Please print exactly the lines below, from the start of the material up to and including the line with "где пг — общее", but none of the pictures.

Data excerpt:
[Start of Attachment]
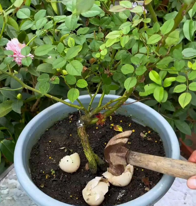 这个是非常好的有机肥,它干净也好用,把鸡蛋壳清洗晾干一下,轻轻揉碎了,就可以直接放入花盆里面,掺入到盆土里面了,不需要发酵腐熟,很好用。
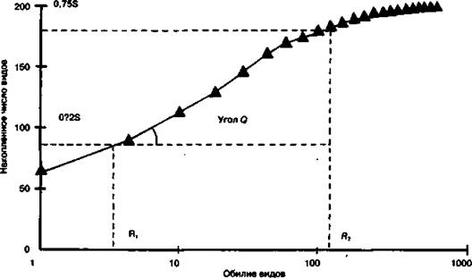где пг — общее число видов с обилием В; S — общее число видов в выборке; Rl, R2 — нижний и верхний квартили; пт— число особей в классе, соответствующем R1; — число осо
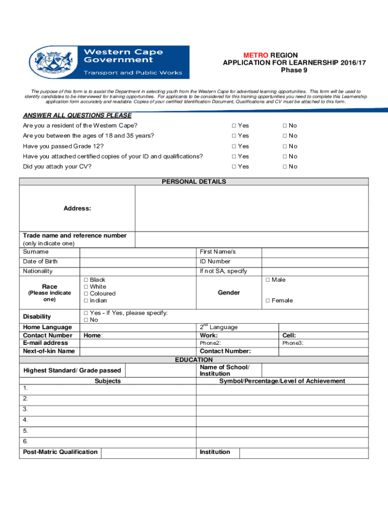 METRO REGION APPLICATION FOR LEARNERS HIP 2016/17 Phase 9 The purpose of this form is to assist the Department in selecting youth from the Western Cape for advertised learning opportunities. This
[End of Attachment]
Output:
 这个是非常好的有机肥,它干净也好用,把鸡蛋壳清洗晾干一下,轻轻揉碎了,就可以直接放入花盆里面,掺入到盆土里面了,不需要发酵腐熟,很好用。
где пг — общее число видов с обилием В; S — общее число видов в выборке; Rl, R2 — нижний и верхний квартили; пт— число особей в классе, соответствующем R1; — число осо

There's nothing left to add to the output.